Although Bohun is generally a villain in the novel, his character is rather ambiguous. He is very passionate and hot-tempered. As an impulsive person, he often takes risk and often acts in a foolhardy manner. He often shows the cruel and violent side of his personality - he murders Kurcewicz brothers and nearly kills Rzędzian in the heat of anger. He is also willful and arrogant, he disobeys commands and doesn't care much for the possible consequences. After falling in love with Helena, he doesn't accept her refusal, and wants to force her to marry him.

On the other hand, Bohun is a man noted for his bravery. He has no fear of death and many of his actions are simply reckless. He is a fine soldier who eagerly fights for the Cossack's freedom and always stays true to himself. He is also able to love one woman deeply and faithfully. Although Helena despises him, he respects her and is willing to do anything for her.

In the Epilogue of the novel we learn that after many years Bohun didn't change at all.
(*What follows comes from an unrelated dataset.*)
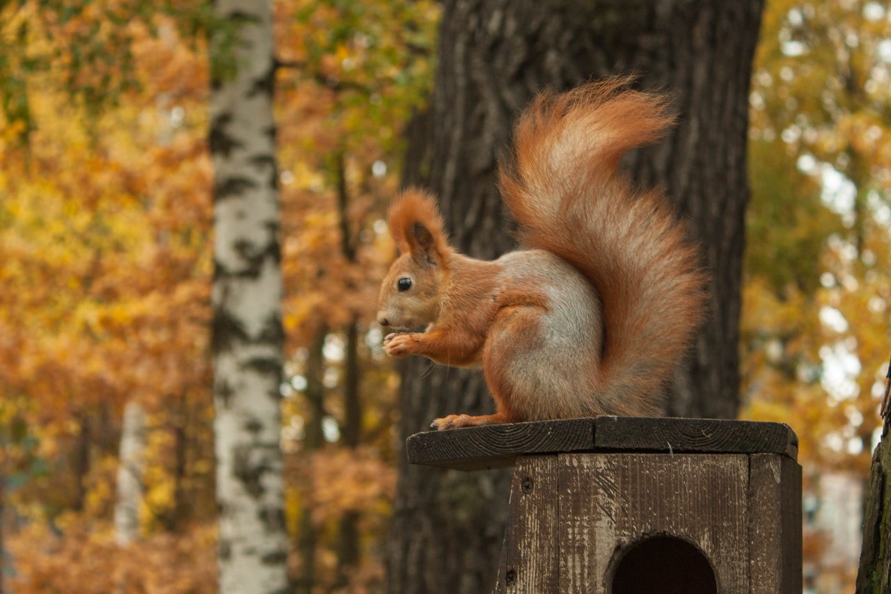 There is a small park near my house, where I like to spend time. Such quiet and cozy places are really difficult to find in big and bustling cities, but I was lucky) This park is clean and beautiful, but the coolest thing is that squirrels live in it) One day I was fortunate enough to come closer to take a picture of this wonderful animal, the squirrel wasn't frightened at all and continued to do it's things while I was trying to catch a better shot. In the end, she became bored with it and she began to swear until I left) To be honest, I was surprised at such a small animal with a character, the squirrel looked so menacing that seemed it began threaten me with a fist) Feeling uncomfortable, I did not bother her and went to walk on)

As before, he wanted to stay independent and, most probably, still loved Helena.

The haughty Bogun refused every guardianship, and was ready to defend his Cossack freedom with the sword. It was said, too, that a smile never appeared on the lips of this strange man. He lived not in Lubni, but in a village which he raised from its ashes, and which was called Rozlogi.